Pipecat → OpenObserve

Capture per-turn LLM spans, token usage, and pipeline stage latency for every Pipecat voice agent interaction. Pipecat is a Python framework for building real-time voice and multimodal AI pipelines. Instrument it by wrapping LLM service calls with manual OTel spans and using the OpenAI instrumentor for the underlying model calls.

Prerequisites

Python 3.10+
An OpenObserve account (cloud or self-hosted)
Your OpenObserve organisation ID and Base64-encoded auth token
An OpenAI API key

Installation

pip install openobserve-telemetry-sdk openinference-instrumentation-openai \
  "pipecat-ai[openai]" opentelemetry-api python-dotenv

Configuration

Create a .env file in your project root:

OPENOBSERVE_URL=https://api.openobserve.ai/
OPENOBSERVE_ORG=your_org_id
OPENOBSERVE_AUTH_TOKEN=Basic <your_base64_token>
OPENAI_API_KEY=your-openai-api-key

Instrumentation

Call OpenAIInstrumentor().instrument() before importing Pipecat. Wrap the pipeline's LLM service handler in a manual span to capture Pipecat-level context alongside the automatic OpenAI spans.

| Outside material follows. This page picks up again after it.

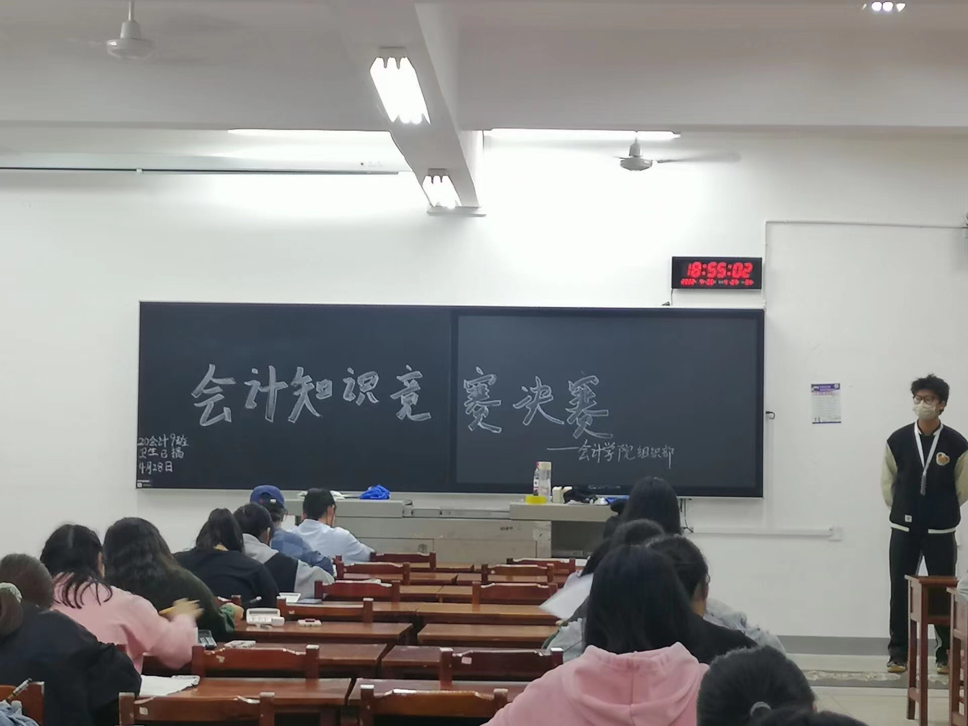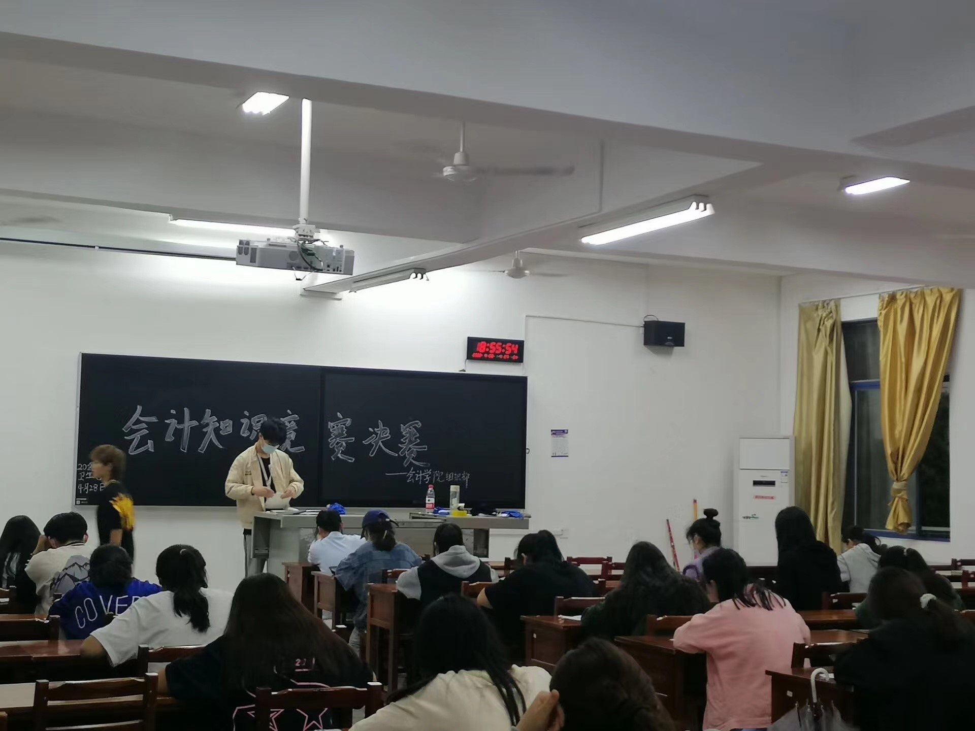 为巩固同学们的专业知识,锻炼同学们的财会思考能力,4月28日18:45,会计学院组织部在二教310开展“会计知识竞赛”活动。本次活动参与人员为大一、大二全体成员。

from dotenv import load_dotenv
load_dotenv()

from openinference.instrumentation.openai import OpenAIInstrumentor
from openobserve import openobserve_init

OpenAIInstrumentor().instrument()
openobserve_init()

from opentelemetry import trace
import os
import asyncio
from openai import AsyncOpenAI

tracer = trace.get_tracer(__name__)
client = AsyncOpenAI(api_key=os.environ["OPENAI_API_KEY"])

async def pipeline_turn(user_message: str) -> str:
    with tracer.start_as_current_span("pipecat.llm_service") as span:
        span.set_attribute("pipecat.service", "OpenAILLMService")
        span.set_attribute("pipecat.model", "gpt-4o-mini")
        span.set_attribute("pipecat.user_message", user_message[:200])
        response = await client.chat.completions.create(
            model="gpt-4o-mini",
            messages=[{"role": "user", "content": user_message}],
            max_tokens=200,
        )
        reply = response.choices[0].message.content
        span.set_attribute("pipecat.assistant_message", reply[:200])
        span.set_attribute("pipecat.prompt_tokens", response.usage.prompt_tokens)
        span.set_attribute("pipecat.completion_tokens", response.usage.completion_tokens)
        return reply

async def main():
    reply = await pipeline_turn("Explain distributed tracing in one sentence.")
    print(reply)

asyncio.run(main())

What Gets Captured

Two span types appear for each turn:

Attribute	Description
`pipecat_service`	LLM service class name (e.g. `OpenAILLMService`)
`pipecat_model`	Model used for this turn
`pipecat_user_message`	User input text
`pipecat_assistant_message`	LLM reply text
`pipecat_prompt_tokens`	Prompt tokens for this turn
`pipecat_completion_tokens`	Completion tokens for this turn
`llm_model_name`	Resolved model name (from OpenAI instrumentor child span)
`llm_token_count_prompt`	Prompt tokens (from OpenAI instrumentor child span)
`llm_token_count_completion`	Completion tokens (from OpenAI instrumentor child span)
`duration`	Per-turn latency
`span_status`	`OK` or error status

Viewing Traces

Log in to OpenObserve and navigate to Traces
Each pipeline turn appears as a pipecat.llm_service root span with a child LLM span
Filter by pipecat.service to compare different LLM service configurations
Sort by duration to find the slowest turns

Pipecat trace in OpenObserve

Next Steps

With Pipecat instrumented, every voice pipeline turn is recorded in OpenObserve. From here you can monitor turn latency, track cumulative token usage per session, and alert on slow or failed turns.